Second is a glaring flaw of reasoning: If Fields has to be kept out of harm's way, what happens next when the far less mobile Dalton faces this seemingly inevitable onslaught that knocks him out of commission? The way this particular case is built, it would mean using Nick Foles at that point, because Fields is then in no less peril then than he was before. Turning to him would be an admission that he should've been the starter all along, and that obviously makes no sense. But such is the way it is set up.

Third is the entire idea of treating a well-seasoned and polished first-round pick as if he's some kind of collectible figurine whose value will decrease the moment the original packaging is unsealed. That's far from true, because Fields is expected to get even better with experience. The sooner he plays, the sooner he builds a bank of live-speed participation that allows him to operate even faster and more confidently with every snap.

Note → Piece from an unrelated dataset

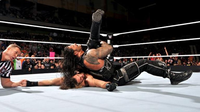 The ex-Shield powerhouse weakened The World’s Largest Athlete with his gut-busting move and then pinned Rollins after hitting The Aerialist with the same manoeuvre in Sioux City, Iowa.
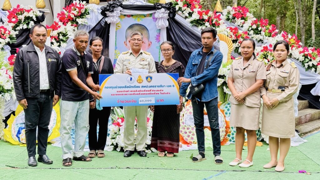 วันจันทร์ที่ 25 สิงหาคม 2568 เวลา 15.00 น. นายศุภพงษา จันทรังษ์ ผอ.สพป.นครราชสีมา เขต 6 เป็นประธานในพิธีฌาปนกิจศพ เด็กชายชัยยศ สัตพันธ์ นักเรียนชั้นประถมศึกษาปีที่ 5 โรงเรียนบ้านโนนสำราญ พร้อมมอบเงินกองทุนช่วยเหลือนักเรียน สพป.นครราชสีมา เขต 6 ให้กับครอบครัวของนักเรียนที่เสียชีวิต จำนวน 10,000 บาท ณ เมรุวัดป่าบ้านหนองจาน ต.โนนสำราญ อ.แก้งสนามนาง จ.นครราชสีมา

Next is a classic logical pitfall: the post hoc ergo propter hoc fallacy, in this case better understood as the Carr/Mahomes presumptions on either end of the spectrum.  ​"What about David Carr?" is the belief that the top overall draft pick of 2002 never lived up to his potential because he was sacked so often, a belief that simply can't be proved. He was sacked plenty, sure, but he might also have just been bad, and one may not assign causality despite any anecdotal retroactive examination or subjective testimony. The Patrick Mahomes point isn't directly germane to this specific counter-argument but is similarly fallacious: Mahomes sat for a year and was great, but it can't be proved to be causal rather than coincidental. The Chiefs may have just chosen to miss a year of greatness so they could enjoy more Alex Smith.

Finally and most importantly is the selection bias involved in how we remember quarterbacks operating with lines that have varied widely in quality and how truly great players at the position make so much of it not matter. Aaron Rodgers has taken the field behind any number of pieced-together groups down key starters, and he never stopped shredding opponents like the Bears on those days. Similarly, Russell Wilson has been sacked 394 times in his nine years behind a line famous for being hurt and bad, full of draft disappointments and cheap in free agency, and none of it has stopped him from being one of the most dynamic playmakers of his era. In fact, the urgency may in part have brought it out of Wilson.

Why?

Because of a reason we in Chicago are unconditioned to really get.

When your quarterback is the guy, he makes every other thing matter less. It's all better because of him and his unique ability to elevate others because of a combination of awareness, accuracy, decision-making, athleticism, speed, toughness and leadership.

In Chicago, we're too accustomed to thinking conversely, that any quarterback needs a warm and supportive nest of protection and all else around him idealized to make negative outcomes a little less likely. We come by such feelings honestly, considering our shared history watching so many fall short of expectations.

As excited as we are about what we think Justin Fields can be, we must realize what we really mean by that and act accordingly.